Nach dem Beben von 1999 führte die Türkei eine "Erdbebensteuer" ein, die zunächst als vorübergehende Maßnahme zur Abfederung wirtschaftlicher Schäden eingeführt wurde, später aber zu einer dauerhaften Steuer wurde. Im Land gab es Bedenken, dass der Staat diese Steuereinnahmen verschwendet haben könnte, und Oppositionsführer forderten die Regierung auf, transparenter zu sein, was mit dem gesammelten Geld passiert ist. Auf Nachfrage im Jahr 2020 sagte Erdogan, das Geld sei "nicht zweckentfremdet " ausgegeben worden. Seitdem hat die Regierung kaum mehr darüber gesprochen, wofür das Geld ausgegeben wurde. "Die für die Erdbebenvorsorge bereitgestellten Mittel wurden für andere Projekte wie Straßenbau, Infrastrukturaufbau usw. als die Erdbebenvorsorge verwendet", sagte Tunca. "Mit anderen Worten, es wurden keine Puffer oder Kissen eingerichtet, um die wirtschaftlichen Auswirkungen solcher Katastrophen zu begrenzen."
Analysten sagen, es sei noch zu früh, um genau zu sagen, welche Auswirkungen die wirtschaftlichen Folgen auf Erdogans Aussichten auf eine Wiederwahl haben werden. Der Zustimmungswert des Präsidenten war schon vor dem Beben gering. In einer Dezember-Umfrage des türkischen Marktforschungsunternehmens MetroPOLL stimmten 52,1 % der Befragten nicht mit seiner Handhabung seines Amtes als Präsident überein. Eine Umfrage einen Monat zuvor ergab, dass eine knappe Mehrheit der Wähler nicht für Erdogan stimmen würde, wenn an diesem Tag eine Wahl abgehalten würde. Zwei Umfragen in der vergangenen Woche zeigten jedoch, dass die türkische Opposition keine neue Unterstützung erhalten hatte, berichtete Reuters und verwies teilweise auf das Versäumnis, einen Kandidaten zu benennen, und teilweise auf das Fehlen eines konkreten Plans zum Wiederaufbau der durch das Beben zerstörten Gebiete.
Die Mehrheit der vom Beben am stärksten betroffenen Provinzen stimmte bei den Wahlen 2018 für Erdogan und seine regierende AKP, aber in einigen dieser Provinzen gewannen Erdogan und die AKP mit einer Mehrheit oder einer knappen Mehrheit. Diese Provinzen gehören laut Weltbank zu den ärmsten des Landes. Eine von Demiralp sowie den Akademikern Evren Balta von der Ozyegin-Universität und Seda Demiralp von der Isik-Universität durchgeführte Untersuchung ergab, dass die hohe Parteilichkeit der Wähler der regierenden AK-Partei zwar ein starkes Hindernis für die Abwanderung von Wählern darstellt, wirtschaftliches und demokratisches Versagen jedoch den Ausschlag geben könnte. "Unsere Daten zeigen, dass Befragte, die angeben, über die Runden zu kommen, mit größerer Wahrscheinlichkeit wieder für die amtierende AKP stimmen", so das Fazit der Studie. "Sobald jedoch die sich verschlechternden wirtschaftlichen Grundlagen mehr Menschen unter die Armutsgrenze drücken, steigt die Wahrscheinlichkeit einer Flucht."
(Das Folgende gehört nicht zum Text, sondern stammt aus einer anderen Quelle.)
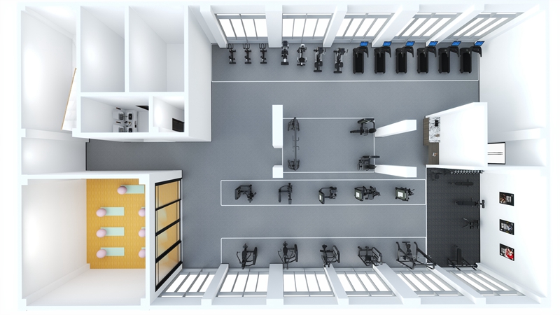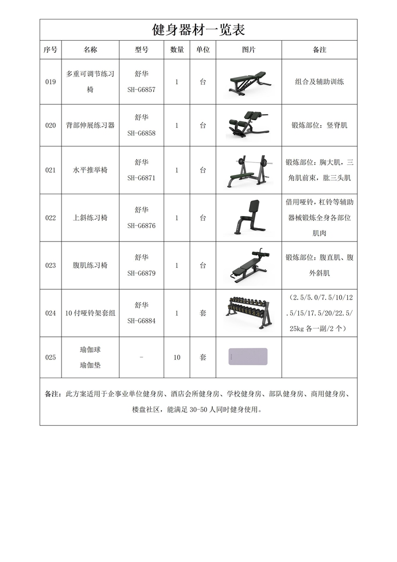 此方案要求面积小于420平米,此方案适用于企事业单位健身房、酒店会所健身房、学校健身房、部队健身房、商用健身房、楼盘社区,能满足30-50人同时健身使用。

Dies könnte es Oppositionsparteien ermöglichen, den amtierenden Machthabern "trotz identitätsstiftender Spaltungen Stimmen abzunehmen, wenn sie mit klaren Botschaften wirtschaftlich und demokratisch unzufriedene Wähler ins Visier nehmen". Für Tunca stellen die wirtschaftlichen Folgen des Bebens ein echtes Risiko für Erdogans Aussichten dar. "Das Ausmaß des sozialen Erdbebens in der Türkei ist viel größer als das des tektonischen", sagte er. "Es gibt ein Tauziehen zwischen der Regierung und der Opposition, und es scheint, dass der Gewinner bis zum Ende der Wahlen unbekannt sein wird."